Task objective ▸
Without changing a word, copy every line of the listing below and leave out the images.

Raw data ▸
——
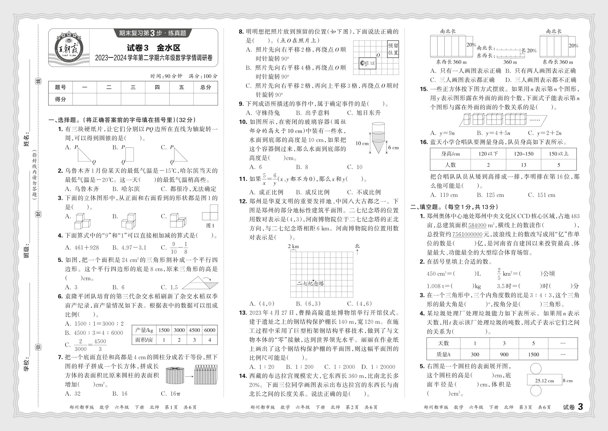 河南省郑州市金水区2023—2024学年第二学期六年级数学学情调研卷【3】
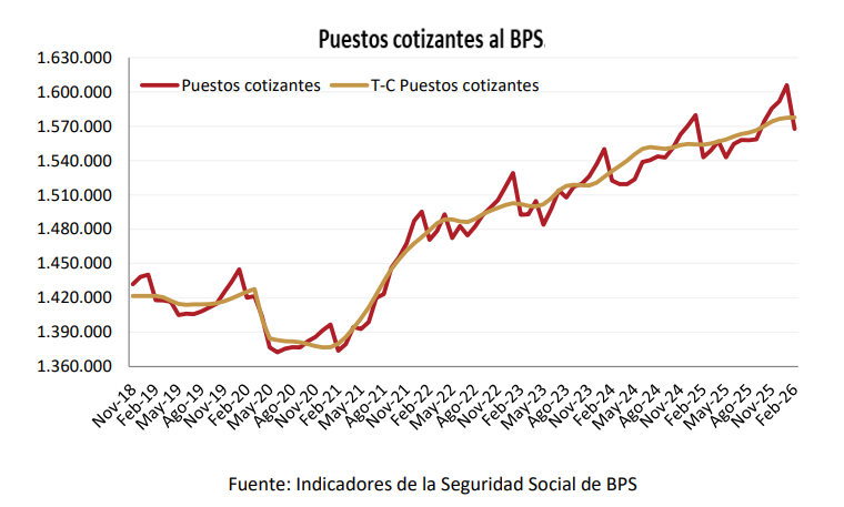 En febrero de 2026, la cantidad de puestos cotizantes al BPS fue de 1.567.611. El total de puestos cotizantes fue 1,6% superior al registrado en el mismo mes de 2025, y disminuyó 2,4% respecto a enero de 2026. En la comparación mensual, la estimación de la tendencia-ciclo, que aísla los componentes estacionales e irregulares de la serie, se mantuvo incambiada respecto al mes pasado.
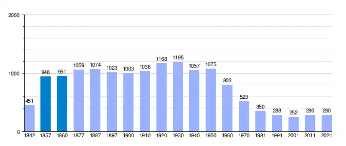 | Gráfica de evolución demográfica de Albentosa[4] entre 1842 y 2021 |
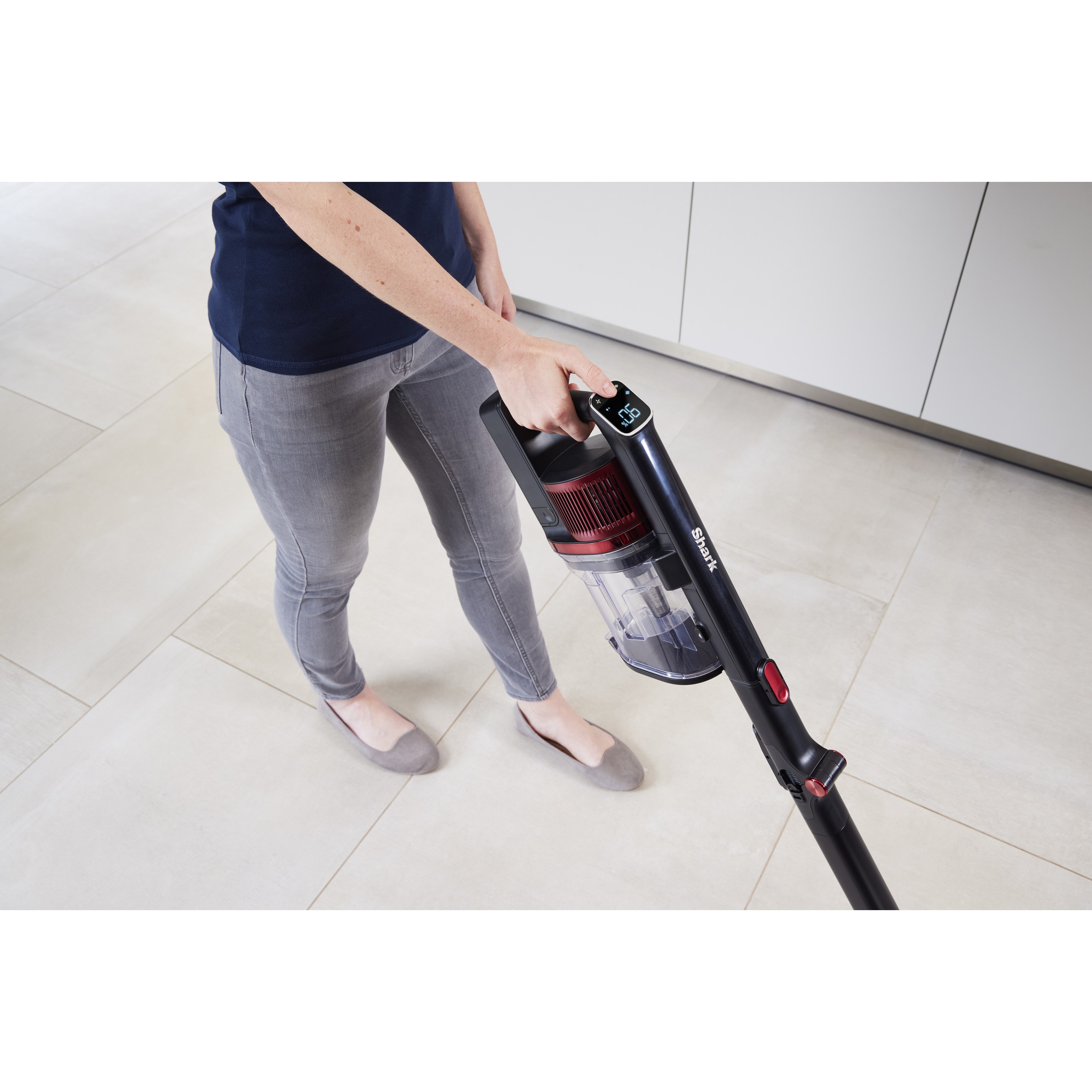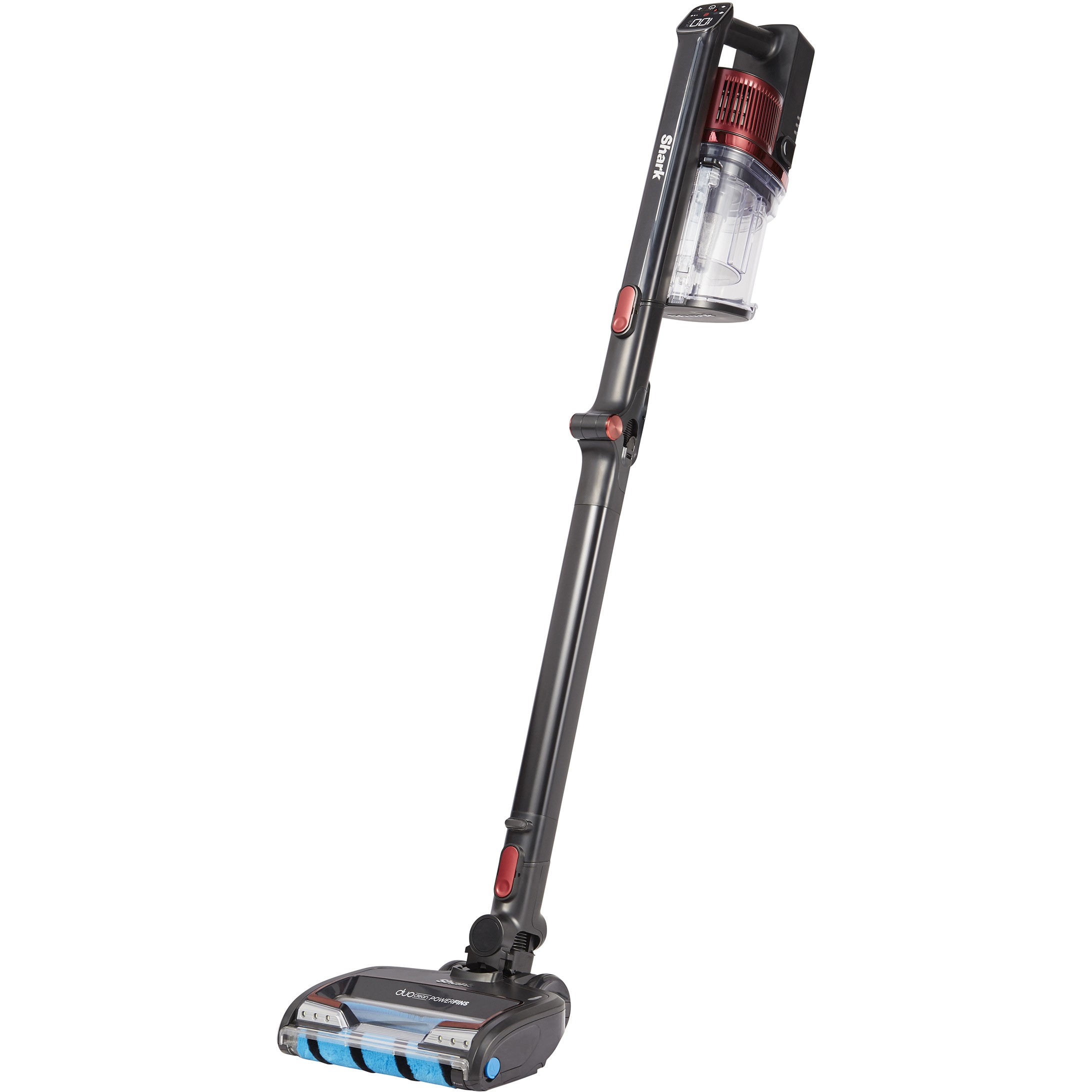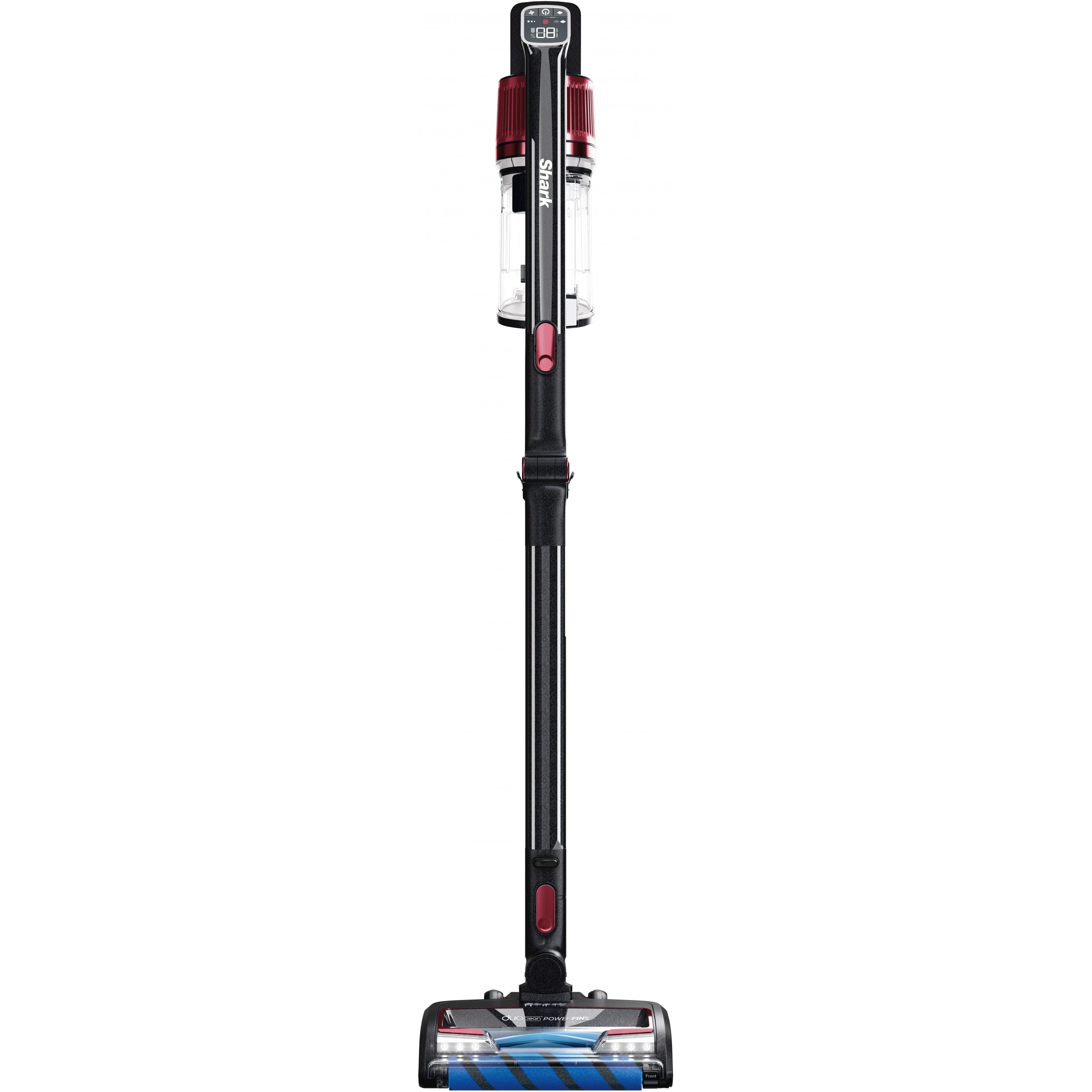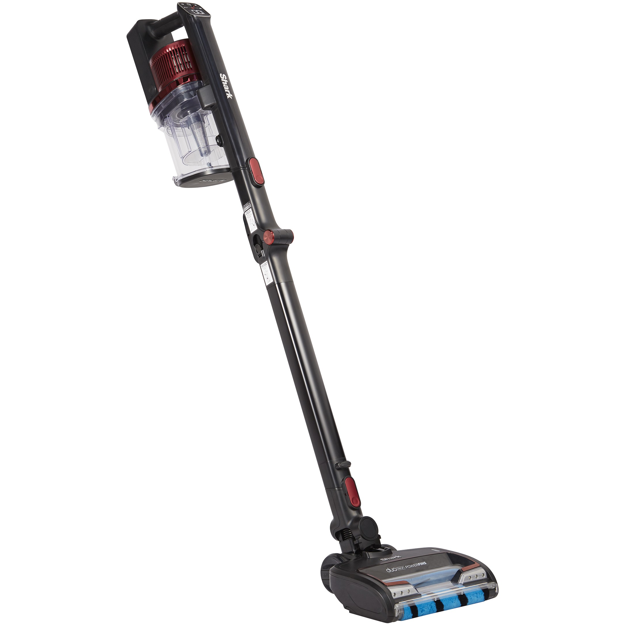 Shark IZ300EUT. Produkttyp: 2-in-1-Stabstaubsauger, Staubbehälter Typ: Beutellos, Produktfarbe: Schwarz, Burgund. Reinigungsart: Trocken, Schmutztrennungsmethode: Zyklonal. Energiequelle: Akku, Akku-/Batteriespannung: 25,2 V, Laufzeit: 60 min. Gewicht: 1,74 kg. Staubsaugerbürsten enthalten: Mini-Turbobürste
——
Solution to this exercise ▸
 河南省郑州市金水区2023—2024学年第二学期六年级数学学情调研卷【3】
 En febrero de 2026, la cantidad de puestos cotizantes al BPS fue de 1.567.611. El total de puestos cotizantes fue 1,6% superior al registrado en el mismo mes de 2025, y disminuyó 2,4% respecto a enero de 2026. En la comparación mensual, la estimación de la tendencia-ciclo, que aísla los componentes estacionales e irregulares de la serie, se mantuvo incambiada respecto al mes pasado.
 | Gráfica de evolución demográfica de Albentosa[4] entre 1842 y 2021 |
 Shark IZ300EUT. Produkttyp: 2-in-1-Stabstaubsauger, Staubbehälter Typ: Beutellos, Produktfarbe: Schwarz, Burgund. Reinigungsart: Trocken, Schmutztrennungsmethode: Zyklonal. Energiequelle: Akku, Akku-/Batteriespannung: 25,2 V, Laufzeit: 60 min. Gewicht: 1,74 kg. Staubsaugerbürsten enthalten: Mini-Turbobürste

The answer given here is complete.